- Glen Osmond, South Australia Australia

Information
- Type: Independent, single-sex, day & boarding
- Motto: Latin: Crescam Ministrando (I will grow by serving)
- Denomination: Uniting Church previously Presbyterian Church of Australia
- Established: 1922
- Principal: Vanessa Browning
- Staff: ~100
- Enrolment: ~850 (P–13)
- Colours: Green, navy & purple
- Affiliation: Independent Girls Schools Sports Association
- Previously known as: Presbyterian Girls' College
- Website: https://www.seymour.sa.edu.au/

= Seymour College =

School for girls in Adelaide, Australia

Seymour College is an independent, Uniting Church, day and boarding school for girls, located at Glen Osmond, Adelaide, South Australia.

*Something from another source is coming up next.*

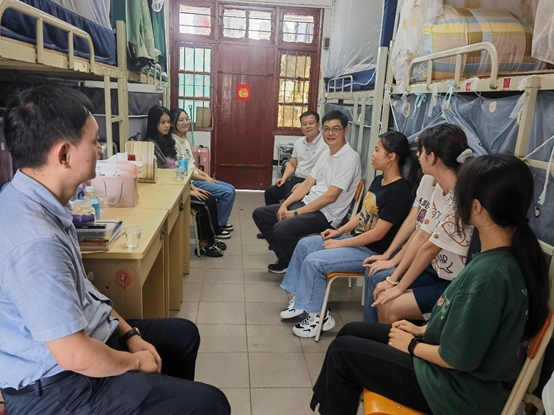 根据学校领导干部深入基层联系学生工作安排,7月8日下午,副校长唐冬冬在环境与化学工程学院党委书记刘远君及相关辅导员的陪同下走访了2023级化学专业宿舍,与同学们进行了座谈。
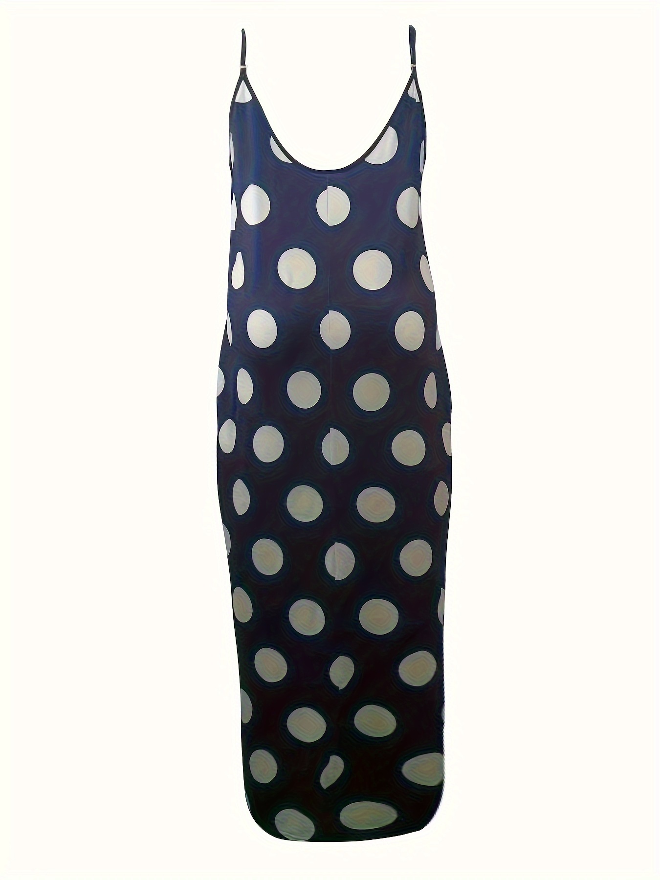 Plus Size Polka Dots Print Tank Dress, Elegant Sleeveless Slant Pockets Strap Dress For Spring & Summer, Women's Plus Size Clothing

Established in 1922 as Presbyterian Girls' College, and renamed for the Rev. J. A. Seymour, Seymour has a non-selective enrolment policy and currently caters for students from preschool (4 years of age) to Year 12, including 105 boarders. In addition, The Early Years at Seymour offers a co-educational program for children from 6 weeks of age. The College is girls only from Prep (4 years of age) to Year 12.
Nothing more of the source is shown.